The Advantages and Risks of Stock Investment You Need to Know
The Advantages and Risks of
Stock Investment You Need to Know
One of the investment
instruments that has been (and is increasingly) popular lately is stock
investment, as people are becoming more aware of the importance of having clear
financial goals in life. In line with this, more and more people want to know
how to better manage their personal finances.

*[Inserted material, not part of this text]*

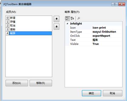 Step7> 打開前面6-10產生的bProducts1畫面,點開畫面中DataGrid的ToolItems屬性。在打開窗口中點擊Add添加一個按鈕,按照如下設定,在OnClick時,呼叫exportReport方法。
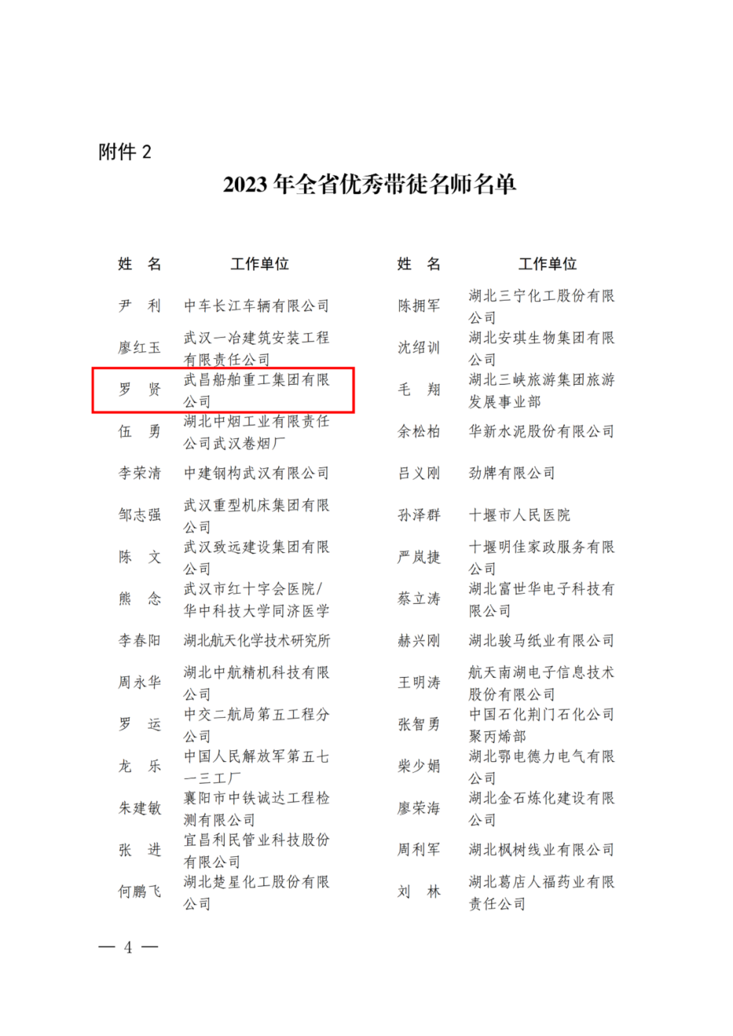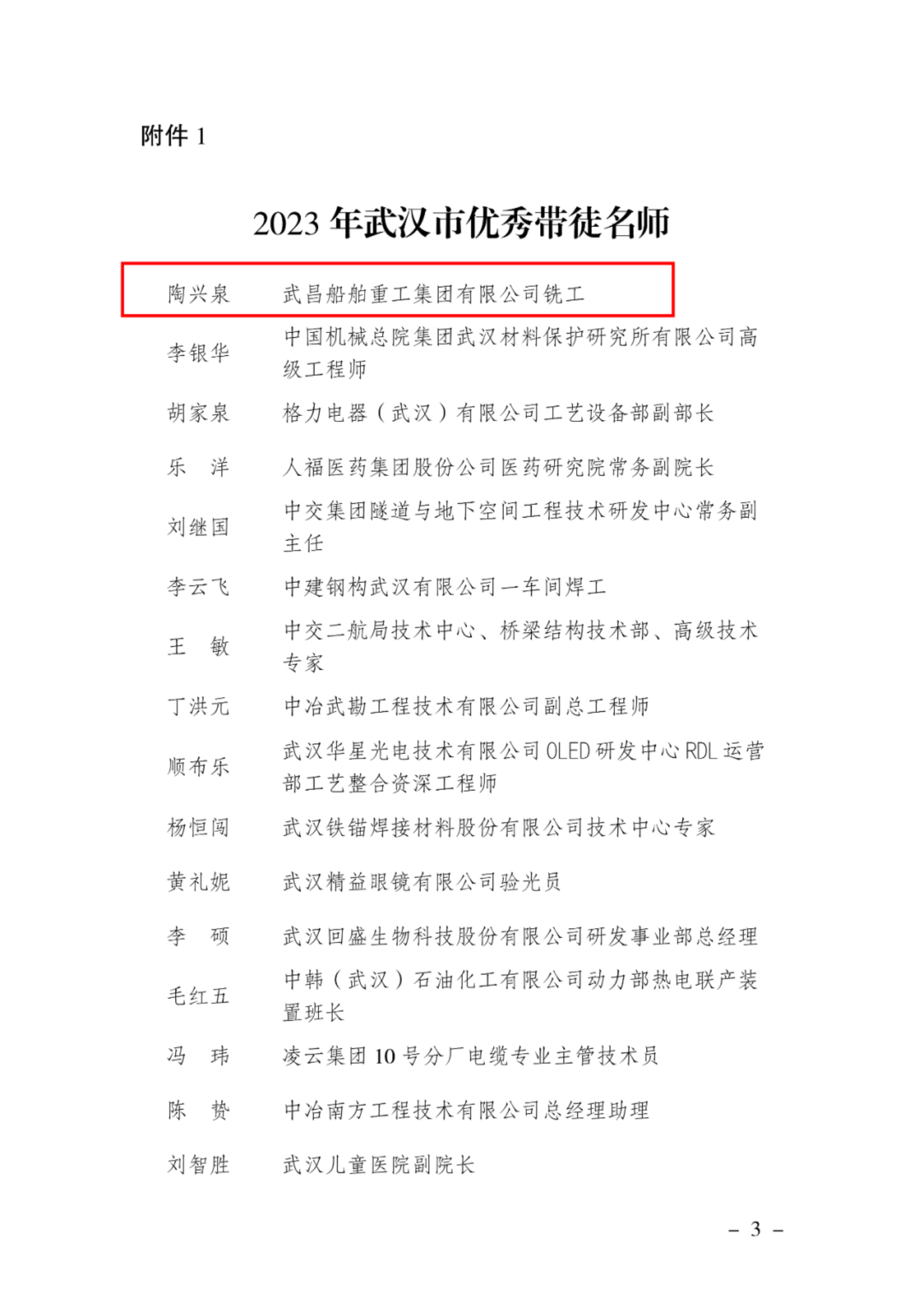 武漢市優(yōu)秀帶徒名師

Yes, investing in stocks is
usually taken as a solution to achieving financial goals for some people – yes,
especially those who are experienced enough in investing. If not? The tendency
will definitely choose other investment instruments that are more
beginner-friendly, such as deposits or precious metals.
Benefits of Stock
Investment
The benefits you can get
from investing in stocks can come in 2 forms:
1#. Capital gain
Or the profit you can get
from the difference between the purchase price and the selling price of the
shares you own. This is usually the target of stock businessmen. For example
like this. We buy rice for IDR 15,000 per kilo. Then we sell them at the basic
food stalls that we have at a price of IDR 20,000 per kilo. Then we will get a
profit of IDR 5,000 per kilo. That's the capital gain we get.
2#. Dividend
According to the Big
Indonesian Dictionary, dividend means an amount of money derived from the
profits paid to the shareholders of a company. For example, we buy a car. Then
the car is rented out as an online taxi. Every day you can pick up passengers,
which then adds to your income. So, let's share the results with the online
taxi driver, for example. For the results we get it can be called a dividend.
Stock Investment Risks
Along with high returns,
stock investments also come with high risks as well. Some of the risks are:
1#. Stock prices fluctuate
greatly, depending on money market and capital market conditions which can be
influenced by many external factors. For example, such as the economic and
political conditions of a country.
2#. The risk of the company
going bankrupt. Shareholders will be the last priority to be paid back for
their investment after the company's obligations to other stakeholders are
fulfilled.
3#. Capital loss. When an
investor sells his shares at a lower selling price than the purchase price.
4#. The company's shares
are removed from the buying and selling list on the Stock Exchange. There are
many reasons for a company's shares to be delisted, and of course this will be
detrimental to the company itself as well as its shareholders.